An informant in an ongoing drug distribution scheme was working under a contract with federal drug agents. His contract promised him 10% of any proceeds of any property forfeited in connection with any crime the informant learned about the farm. The informant set up the crime by approaching the farmer and offering to pay him money if he would let a plane land on his property. The farmer agreed to the plan.
The informant then set up a drug flight into Florida. The plane landed on the farmland loaded with drugs. The farmer was convicted of conspiracy to distribute drugs. He served his time and was assessed a fine. Jeopardy attached to the deal at the time of the plea.
The government filed notice of forfeiture. As I recall, the land was valued at $1.5 million and the informant stood to gain $150,000 for his work.
The USSC, as I recall, considered the fact that the informant had selected the one particular farmer among many possible farmers because of the large tract of land, and that the informant had been the one to set up the criminal event.
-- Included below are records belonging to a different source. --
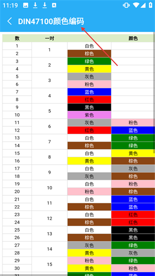 4、可通过该表快速查询【DIN47100颜色编码】中数、一对与颜色的对应关系,便于相关颜色编码的识别与应用。
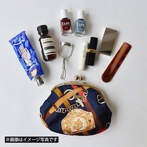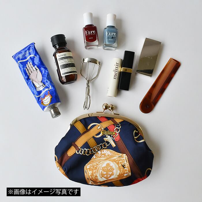 ミラーやビューラー、ハンドクリームなど、大きめのアイテムもしっかり入るがま口ポーチ。
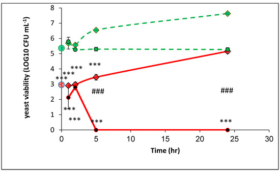 ). P value (t test): significance of the CFU count in each examined time related to its control *** p < 0.001; significance of the CFU of the treated yeast in PBS related to YMB, in each examined time ### p < 0.001.
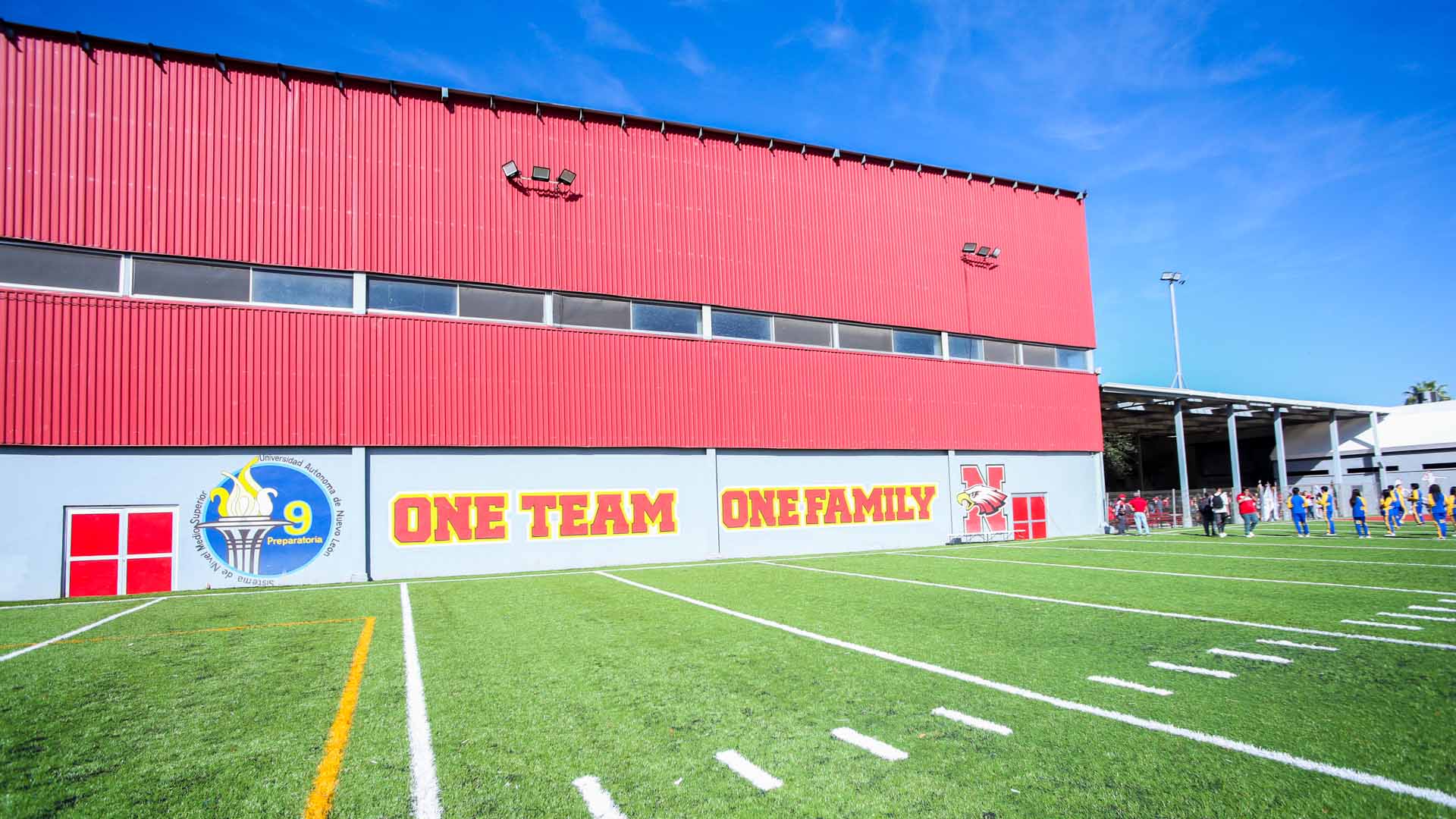 La cancha polideportiva de la Preparatoria 9 mide 3,228 metros cuadrados (46 yardas de ancho por 70 yardas de largo) y cuenta con nuevas porterías y luminarias.
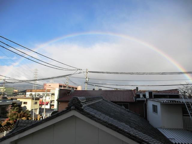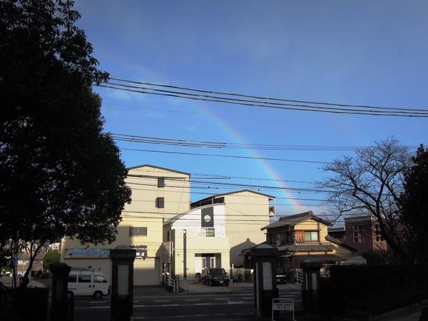 1月23日(金)冬には珍しく学校の間近で虹が見えました。それもきれいな弧の端から端までくっきりと。2階の職員室で目ざとく見つけた教員が急いでブラインドを開けて写真に収めました。大学入試を控えた6年生にいい知らせをもたらしてくれそうな気がしました。

Under those circumstances, a forfeiture of land worth $1.5 million was not a civil forfeiture proceeding; it was a second criminal punishment, and it violated the Constitutional proscription against two jeopardies for the same event.
Can a deportation proceeding based on aged crimes long ago paid in full ever cross the line into punitive sanctions so severe they constitute a second jeopardy for the same event? I don’t know.
But I do find it hard to argue that Mr. Bojerski is one of the worst of the worst among us all.